2015 saw Irwin Mitchell open a consulting office in Middlesbrough. Later that year Irwin Mitchell merged with Thomas Eggar, acquiring its network of five offices in London and the South East. The deal created a £250 million turnover company and signalled a significant shift in focus, with 50% of the firm's income coming from business and private client work.

In 2016 the firm launched a new proposition targeted at private individuals, called Irwin Mitchell Private Wealth. The proposition consolidated teams from Irwin Mitchell, Thomas Eggar, Berkeley Law and Berkeley Hurrell (Berkeley Law's conveyancing subsidiary).

In July 2019 the firm opened its 15th UK office, in Reading. In May 2022 the firm further expanded by opening offices in Cardiff and Liverpool Today the firm has 17 UK offices in Birmingham, Bristol, Cambridge, Cardiff, Chichester, Gatwick, Glasgow, Leeds, Liverpool, London, Manchester, Middlesbrough (consulting office), Newbury, Newcastle, Reading, Sheffield and Southampton.

In 2023 Irwin Mitchell's turnover was £271 million, with a pre-tax profit of £13.8 million. This makes the firm the 21st largest in the UK by global revenue.

==Subsidiaries==

=== Ascent Performance Group ===
Ascent is a specialist legal collections and recoveries business, formed in 2009. In 2012 the firm became an alternative business structure as part of Irwin Mitchell's "multi-licence" application. In 2015 Ascent acquired the commercial debt recovery division of Sheffield-based P&A Receivables Services.

=== Coris UK ===
Irwin Mitchell operates the UK arm of the European network of the Coris Group.

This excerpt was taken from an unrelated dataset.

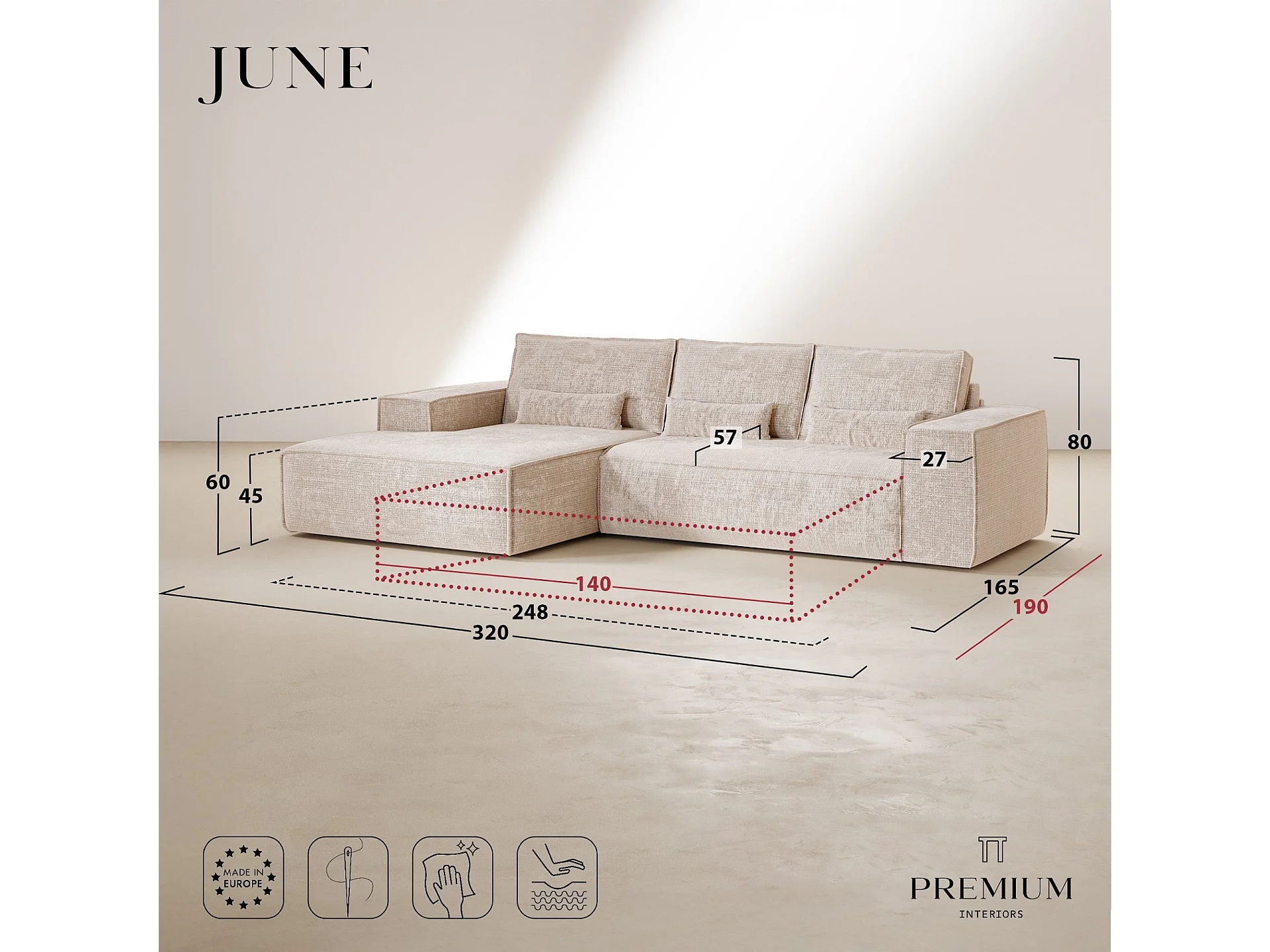 Canapé d'angle gauche convertible express JUNE en Velours gaufré

The network, established in 1987, assists insurers in managing injury and material damage claims in foreign countries. In 2012 the firm became an alternative business structure as part of Irwin Mitchell's "multi-licence" application.

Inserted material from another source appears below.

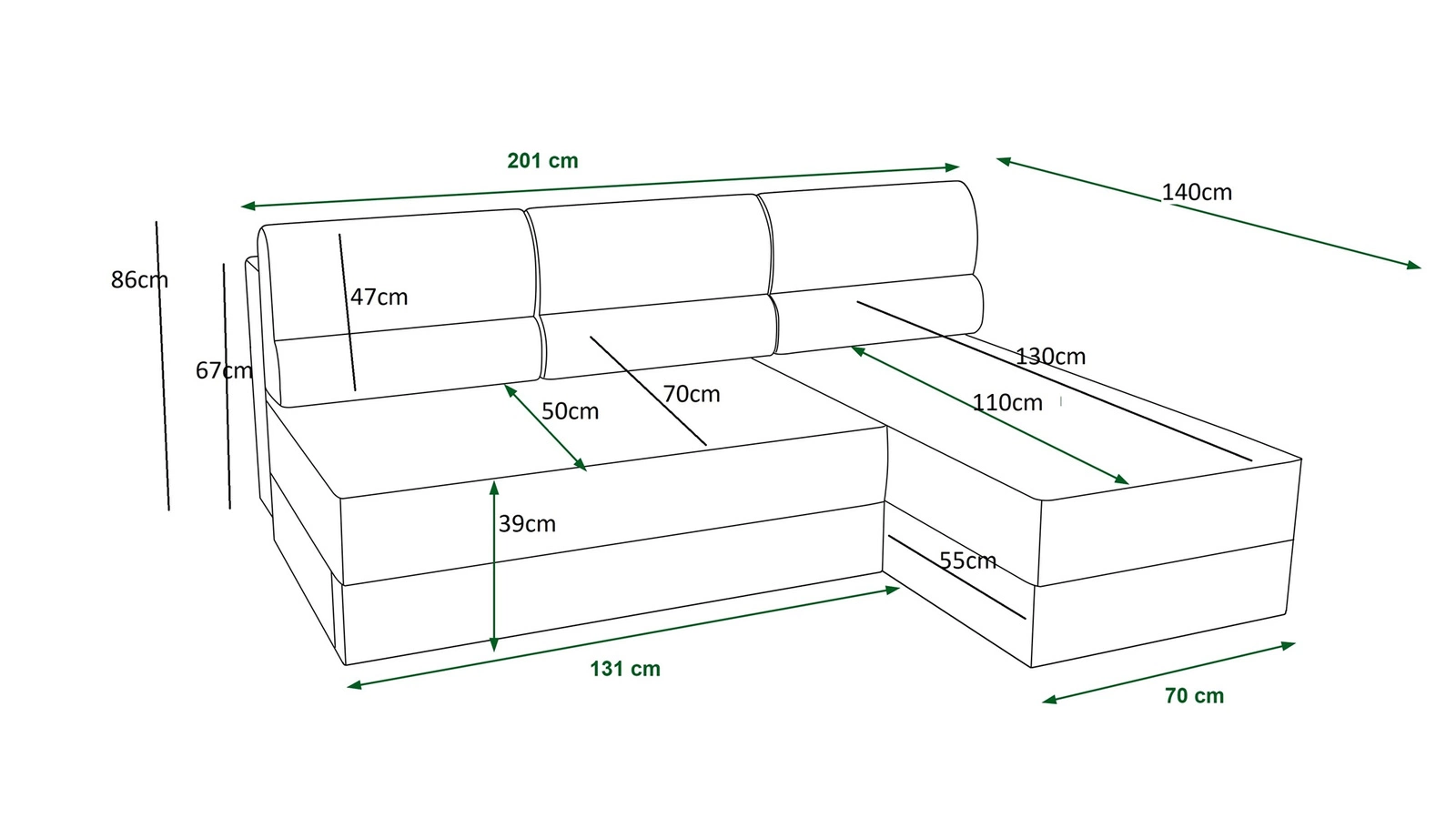 Das Ecksofa mit Schlaffunktion eignet sich dank seiner Abmessungen und seiner breiten Funktionalität ideal als Ecksofa für das Wohnzimmer oder als klappbares Ecksofa für das Gästezimmer. Ein Ecksofa mit Schlaffunktion ist auch eine gute Alternative zu einem Bett im Zimmer der jugendzimmer. Breite der Ecke 201 cm, höhe 86 cm und Tiefe 140 cm. Die Liegefläche des Eckschrankes beträgt 130x200 cm. Die Sitzhöhe des Möbels beträgt 39 cm, und die Höhe der Rückenlehne beträgt 47 cm. Polyurethan-Schaumstoff T30 ist das Material, aus dem der Sitz der Ecke hergestellt ist. Weich rückenlehnen-Kissen gewährleisten einen hohen Komfort bei der täglichen Erholung, den Sie und Ihre Gäste, die auf diesem einzigartigen Ecksofa sitzen, zu schätzen wissen werden.

=== Irwin Mitchell Abogados ===
In 2005 Irwin Mitchell expanded into Spain, offering legal services from offices in Marbella and Madrid. In 2013 the firm sold off its Spanish offices to Cremades & Calvo-Sotelo, also signing an alliance to work together in the future.

=== IM Asset Management ===
IM Asset Management was founded in 2005, and offers financial planning and investment advice services to people who have received personal injury compensation. In 2018 IM Asset Management had over £600 million funds under management.

In 2017 the subsidiary launched the IM Wealth Management trading style. This brand offers financial planning and investment advice services, but to a broader investor audience.

=== Irwin Mitchell Scotland ===
Irwin Mitchell Scotland was incorporated in 2011 and has an office in Glasgow. The firm offers a range of legal services under Scottish law.

In 2024 the firm made a strategic investment in Scottish firm Wright, Johnston & Mackenzie LLP. The firm’s growth in the Scottish legal sector was further developed with WJM’s acquisition of Davidson, Chalmers & Stewart LLP in mid 2025, bringing WJM’s headcount to around 250 with 49 partners. Both WJM & DCS are set to be rebranded as Irwin Mitchell towards the end of 2025.